=== Begin Enclosure ===

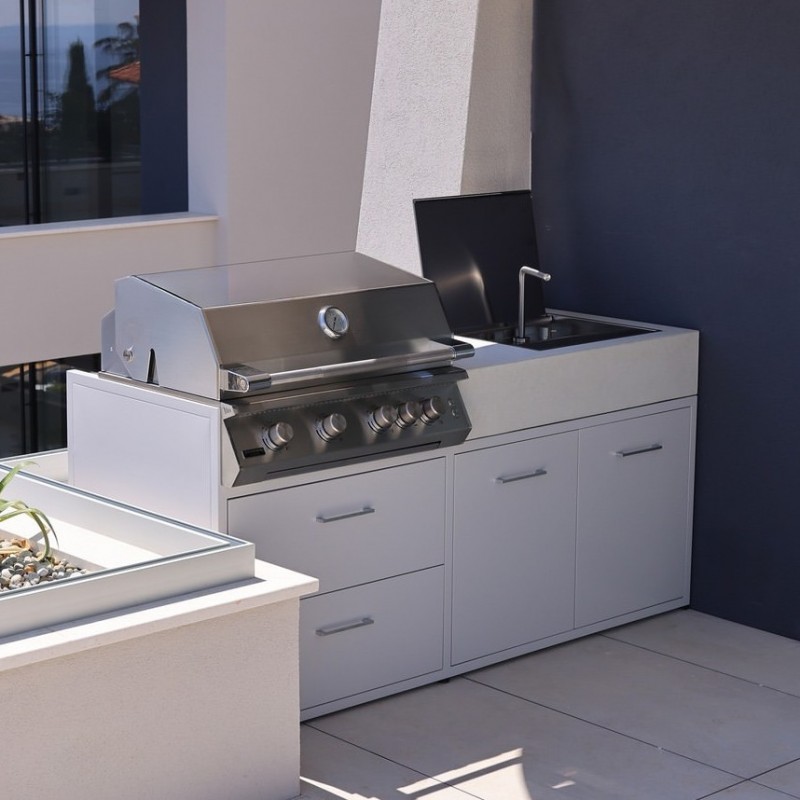 Tento model je ideální volbou pro modulární venkovní kuchyně, kde se stává klíčovým prvkem celé sestavy a umožňuje připravit kompletní menu pro 10–15 osob.
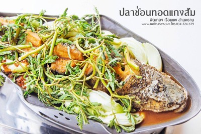 พิณทอง เรือนแพ กุ้งเผา ตั้งอยู่ด้านหลังที่ว่าการอำเภอสามพราน เป็นแพอาหารริมแม่น้ำท่าจีน แห่งแรกของจังหวัดนครปฐม ที่เปิดมานานกว่า 20 ปี ภายในร้านตกแต่งแบบเรียบง่าย อากาศร่มรื่นเย็นสบาย รับลมยามเย็นเหมาะแก่การรับประทานอาหารเป็นอย่างยิ่ง จากตัวเมืองนครปฐม ใช้ถนนเพชรเกษม มุ่งหน้าไปทางอำเภอสามพราน ผ่านฟาร์มจระเข้สามพราน ตรงไปจนถึงแยกสามพราน เลี้ยวขวาตรงไปประมาณ 2 กิโลเมตร จะเห็นที่ว่าการอำเภอสามพรา...อ่านต่อ
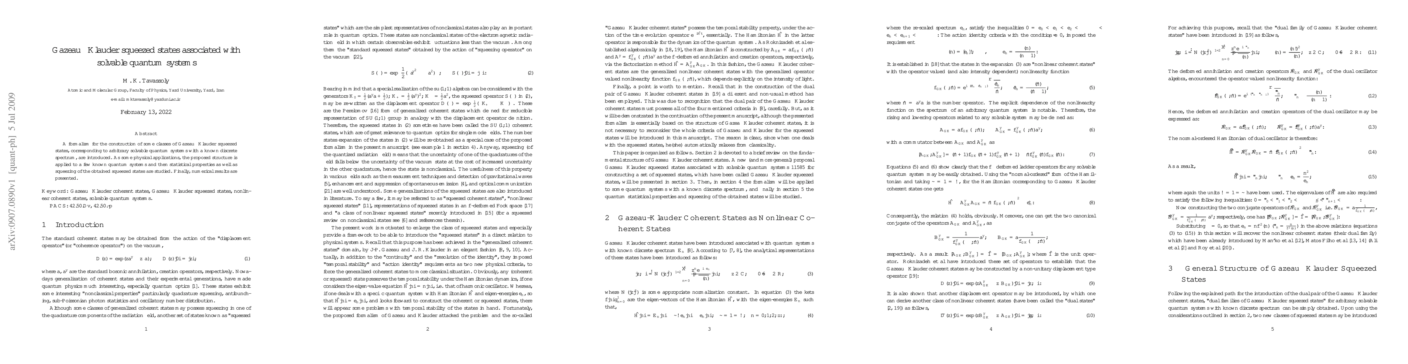 This paper introduces a formalism for constructing Gazeau-Klauder squeezed states for solvable quantum systems with discrete spectra. It applies this structure to several known quantum systems, studying their statistical properties and squeezing, and presents numerical results.

=== End Enclosure ===

**WHAT IS EXPECTED:**
Extract the full listing exactly, with the pictures left out.

**RESULT FOR THIS EXERCISE:**
 Tento model je ideální volbou pro modulární venkovní kuchyně, kde se stává klíčovým prvkem celé sestavy a umožňuje připravit kompletní menu pro 10–15 osob.
 พิณทอง เรือนแพ กุ้งเผา ตั้งอยู่ด้านหลังที่ว่าการอำเภอสามพราน เป็นแพอาหารริมแม่น้ำท่าจีน แห่งแรกของจังหวัดนครปฐม ที่เปิดมานานกว่า 20 ปี ภายในร้านตกแต่งแบบเรียบง่าย อากาศร่มรื่นเย็นสบาย รับลมยามเย็นเหมาะแก่การรับประทานอาหารเป็นอย่างยิ่ง จากตัวเมืองนครปฐม ใช้ถนนเพชรเกษม มุ่งหน้าไปทางอำเภอสามพราน ผ่านฟาร์มจระเข้สามพราน ตรงไปจนถึงแยกสามพราน เลี้ยวขวาตรงไปประมาณ 2 กิโลเมตร จะเห็นที่ว่าการอำเภอสามพรา...อ่านต่อ
 This paper introduces a formalism for constructing Gazeau-Klauder squeezed states for solvable quantum systems with discrete spectra. It applies this structure to several known quantum systems, studying their statistical properties and squeezing, and presents numerical results.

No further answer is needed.